Firing rockets into Israeli civilian areas and intentionally placing military assets amid Palestinian civilian populations represents a “perfidious” crime of war. Always. Ipso facto, any taking of civilian hostages, whatever the alleged cause, represents unpardonable criminality.
There is more. Perfidy represents a much greater wrongdoing than simple immorality or visceral cowardice. It expresses a starkly delineated and punishable crime. Among other places, perfidy is identified as a “grave breach” at Article 147 of the Geneva Convention IV.
Deception can be lawful in armed conflict, but regulations issued from The Hague disallow any placement of military assets or personnel in populated civilian areas. Related prohibitions of perfidy can be found at Protocol I of 1977 addition to the Geneva Conventions of Aug. 12, 1949. These rules are also binding on the basis of customary international law, a principal jurisprudential source identified at Article 38 of the Statute of the International Court of Justice.
All combatants, including Palestinian insurgents fighting for “self-determination,” are bound by the law of war. This rudimentary requirement is found at Article 3, common to the four Geneva Conventions of 1949. It cannot be suspended or abrogated.
Israel, too, is bound by the law of war, but actions during the war in Gaza that kill and injure Palestinian civilians are without mens rea. In law, all harms resulting from these actions become the responsibility of the perfidious belligerent.
Significantly, the alleged goal of Palestinian “self-determination” is founded on an intended crime, that is, the total “removal” of the Jewish State by attrition and annihilation. This genocidal orientation has its origins in the PLO’s Phased Plan of June 9, 1974. At the 12th session of the PLO’s highest deliberative body, the Palestinian National Council, they reiterated the terror organization’s aim “to achieve their rights to return, and to self-determination on the whole of their homeland.”
For Israel, the existential threat is no longer from a Pan-Arab War. At some still-ambiguous point, Hamas or kindred jihadists (plausibly with Iranian support) could launch assorted mega-terror attacks on Israel. Such potentially perfidious aggressions, unprecedented, and in cooperation with allied non-Palestinian jihadists, could include chemical, biological or radiological (radiation-dispersal) weapons.
Foreseeable perils could also include a non-nuclear terrorist attack on the Israeli reactor at Dimona.
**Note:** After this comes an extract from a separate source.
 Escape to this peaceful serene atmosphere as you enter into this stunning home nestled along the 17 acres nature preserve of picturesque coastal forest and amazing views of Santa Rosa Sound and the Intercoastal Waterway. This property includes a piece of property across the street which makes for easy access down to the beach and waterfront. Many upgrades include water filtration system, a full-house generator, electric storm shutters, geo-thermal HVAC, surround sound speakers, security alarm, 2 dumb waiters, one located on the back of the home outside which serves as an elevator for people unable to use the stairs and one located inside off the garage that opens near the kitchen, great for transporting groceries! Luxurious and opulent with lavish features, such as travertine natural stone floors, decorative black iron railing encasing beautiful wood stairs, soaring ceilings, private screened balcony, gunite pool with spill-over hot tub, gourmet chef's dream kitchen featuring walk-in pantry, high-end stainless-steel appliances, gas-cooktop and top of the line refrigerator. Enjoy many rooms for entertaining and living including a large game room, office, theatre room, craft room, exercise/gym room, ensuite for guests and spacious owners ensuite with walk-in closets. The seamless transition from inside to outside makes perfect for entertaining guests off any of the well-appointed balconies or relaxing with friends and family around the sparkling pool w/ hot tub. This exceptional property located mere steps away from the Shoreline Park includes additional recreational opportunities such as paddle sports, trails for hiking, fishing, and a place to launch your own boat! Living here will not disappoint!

There exists a documented history of enemy assaults against this Israeli plutonium-production facility—both by a state, Iraq, in 1991; and by Hamas in 2014.
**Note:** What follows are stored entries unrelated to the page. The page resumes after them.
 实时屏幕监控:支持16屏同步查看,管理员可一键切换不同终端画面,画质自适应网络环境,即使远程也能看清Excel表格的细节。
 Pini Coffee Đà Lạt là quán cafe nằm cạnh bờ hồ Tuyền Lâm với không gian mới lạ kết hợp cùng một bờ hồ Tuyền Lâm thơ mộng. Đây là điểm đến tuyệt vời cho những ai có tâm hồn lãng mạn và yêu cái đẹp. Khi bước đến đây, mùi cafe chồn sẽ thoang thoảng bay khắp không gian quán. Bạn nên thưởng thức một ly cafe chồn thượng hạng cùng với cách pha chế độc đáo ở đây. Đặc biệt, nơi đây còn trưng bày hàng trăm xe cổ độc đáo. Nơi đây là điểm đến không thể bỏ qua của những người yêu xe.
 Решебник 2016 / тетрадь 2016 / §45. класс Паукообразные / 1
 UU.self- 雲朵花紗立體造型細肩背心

International law is not a suicide pact. Even amid long-enduring, world-system anarchy, such law offers a binding body of rules and procedures that permits a beleaguered state to express an “inherent right of self-defense.” But when Hamas celebrates the explosive “martyrdom” of jihadi-manipulated Palestinian civilians and when Palestinian leaders seek “redemption” (i.e., presumed power over death) through the rape, torture and mass-murder of Jews, the wrongdoers have no supportable claims to immunity.
In Gaza and elsewhere, Israel is waging a necessary war against murderous jihadi adversaries. Accordingly, it’s time for the international legal community of states to acknowledge the following: Legal responsibility for noncombatant harms in Gaza is the product of unceasing Palestinian perfidy, not Israeli “disproportionality.”